Sellers who no longer fear falling prices on Zillow have far less reason to hide their listings in brokerage silos. This change alone would put a significant portion of that 55% back into the public market.
Second, the MLS should officially allow private listings, but require that all listings, including private listings, be entered into the MLS and tagged accordingly.
Here’s what it actually looks like: Seller chooses to list privately. Their agent enters it into the MLS with a private designation. Although this listing is visible to all MLS participants (all brokers, all agents), it is tagged as private, meaning showings are managed exclusively through the listing agent.
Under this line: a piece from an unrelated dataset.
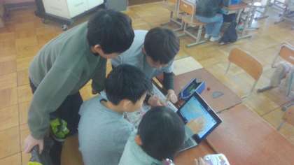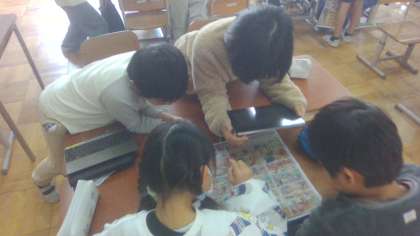 人権の日の取り組みで国際理解の学習をしました。スーパーのチラシを見ながら産地を調べ、世界地図に印をつけました。中には初めて聞いた国もあって、色々な国から食品がやってきていることに驚いていました。学習の後には、「日本の反対のほうの国からも近い国からもいろいろな国から輸入されていて、世界は広いと知った。」といった感想や、「名前も知らない国があって、日本とはまったく関わっていないと思うような国も実は関わっていたと知って、とても不思議な感じがしました。」といった感想が聞かれました。「もっと調べたい!」と、チラシを何枚も取り来るグループもあって、楽しく学習を進めました。

If a cooperating agent at another company has a buyer who would be a very good fit for that property, you can contact that listing agent and request a co-brokerage arrangement with that particular buyer for that particular property. There is no obligation. Full cooperation is not required.
But the listing agent will almost certainly say yes, as they respect their fiduciary responsibility to offer the seller the best possible price. Because turning away qualified buyers doesn’t help sellers. We are engaged in intermediary business.
With this model, buyers and their agents continue to have a complete picture of available inventory. Your listing will never disappear into a private portal visible only to customers of one brokerage firm. Private tags are a display setting, not a wall of inventory.
Third: The portal must route all leads on the listing directly to the listing agent. You should route to the listing agent, not to competing agents, portal referral networks, or whoever pays the most referral fees. The listing agent acquired the business. They have earned the right to be the first point of contact for all buyers interested in the seller’s property.
This is not a radical idea. That’s the way the industry should be. Enforcing this universally would remove one of the hidden economic incentives that made private intermediary networks attractive in the first place.
These three changes make public markets more attractive than closed markets. There are no intermediaries that gain inventory advantages over smaller competitors. Buyers are never locked out. MLS remains, not as a mandate, but as the obvious best option for everyone at the table.
I’ve been speaking with real estate professionals from all over the world for over 30 years. MLS is more than just a database. It is the most sophisticated, consumer-protective, and competitively fair listing system ever built, and is the envy of every real estate market I’ve visited around the world.
In other countries, agents are fighting over listing data like personal property, and buyers have no reliable way to know what’s up for sale. I’m back from my trip and grateful for what we’ve built here.
The question is whether we will dismantle that system piece by piece, dressing it up in the language of our choice and innovative language until we no longer realize what we have lost. I’m not going to let it go without saying anything. And after reading this, I hope you don’t either.